Wednesday, 19 October 2011


The curved paving stones in Dundee City Centre created an invisible stage for the non-physical amphitheatre that held the first outdoor rehearsal of A cut A scratch A score. Sam Belinfante, tuxedoed, held court with a megaphone from a red-painted stage. Beside him a similarly tuxedoed Bruce McLean providing stage directions from a hastily assembled libretto. Before them seven drummers. It’s cold. A regional television news anchor and cameraman put the event on video, David Barnett the same, the gallery-appointed videographer the same. Lore Lixemberg has arrived from London and while the drummers take sequential direction from Sam, she holds a series of notes. A red carpet unrolled between the stage and the drummers blows off in the wind. Of a group of four children stood near me (probably aged around eleven) a boy dances to the music. He’s in shorts and a t-shirt (have I mentioned that it’s cold?).
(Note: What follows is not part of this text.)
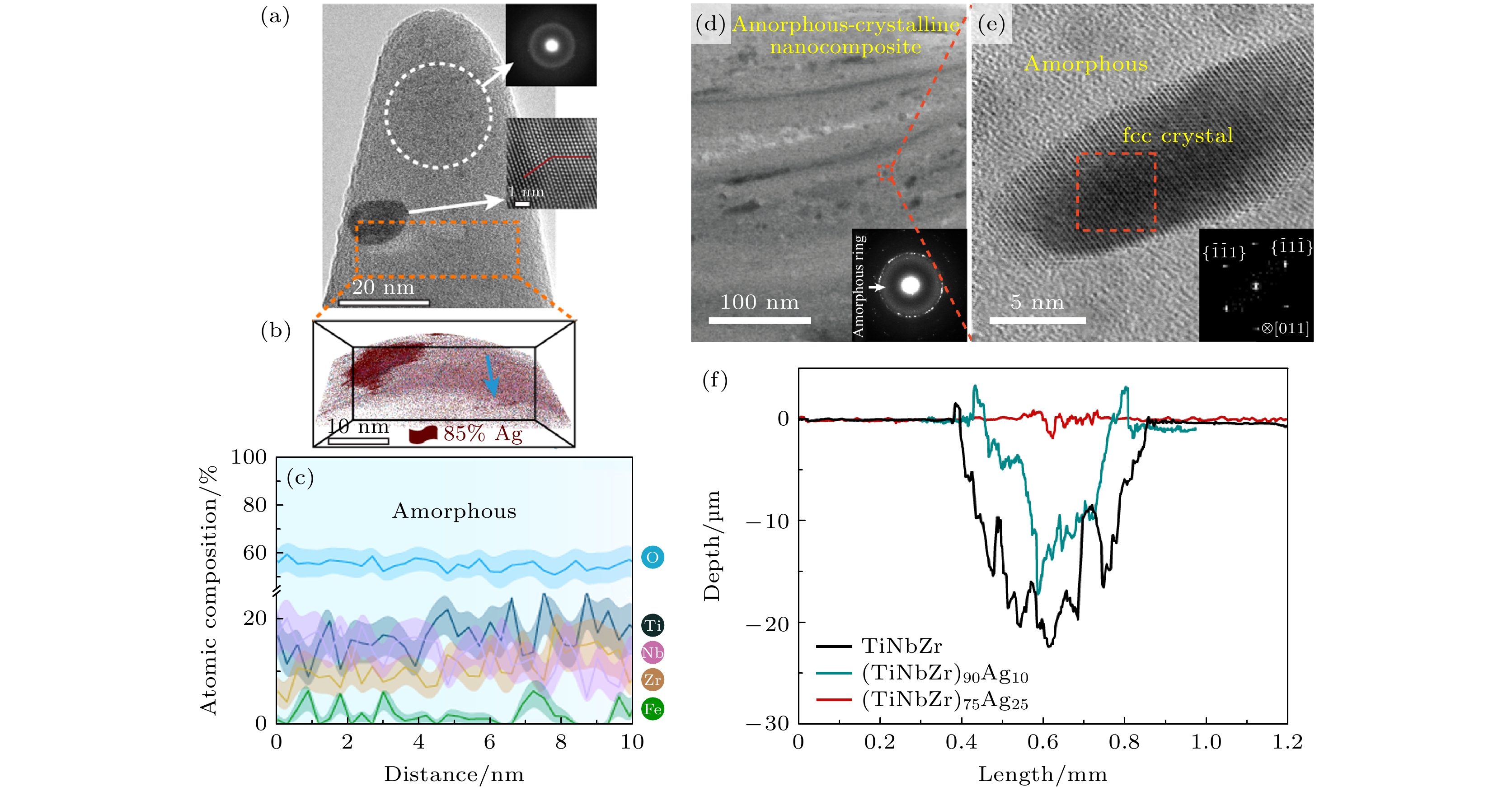 图 2 (NbTiZr)75Ag25合金薄膜在摩擦过程中原位构建的非晶-纳米晶双相结构 (a) 顶部的插图是白色虚线圆圈区域的选区电子衍射(SAED)图案, 显示了非晶相的晕环图案, 中间的插图是图(a)中纳米晶体的放大图[57]; (b) 图(a)中橘色虚线方框区域的APT数据集的3D重建[57]; (c) 沿图(b)中所示的箭头测量的1D成分分布[57]; (d) 环形明场扫描透射电子显微镜(ABF-STEM)图像, 显示纳米复合材料的结构[57]; (e) 纳米复合材料的原子分辨扫描透射电子显微镜(ABF-STEM)图像, 呈现嵌入无定形基质中的FCC结构化纳米晶体[57]; (f) 样品磨损痕迹的2D横截面轮廓[57]

While it was stressed throughout yesterday’s performance that this was a work-in-progress and the only thing that anyone was sure about were the incidental incidents that felt right, today seemed more assured. Perhaps the presence of an audience added to the performative gravitas. At its peak the audience was composed of approximately over a hundred people. Glancing around at the audience towards the latter part of the performance, I noticed that almost a quarter of observers had moved on with their day. The rehearsal ended abruptly and applause was scattered, but the response was positive overall. Puzzled, maybe, but positive. There will be another Salon discussion this afternoon at 17:00, I think the participating artists and technicians can look on today as a success, if they choose to (there are few intended expectations from their end).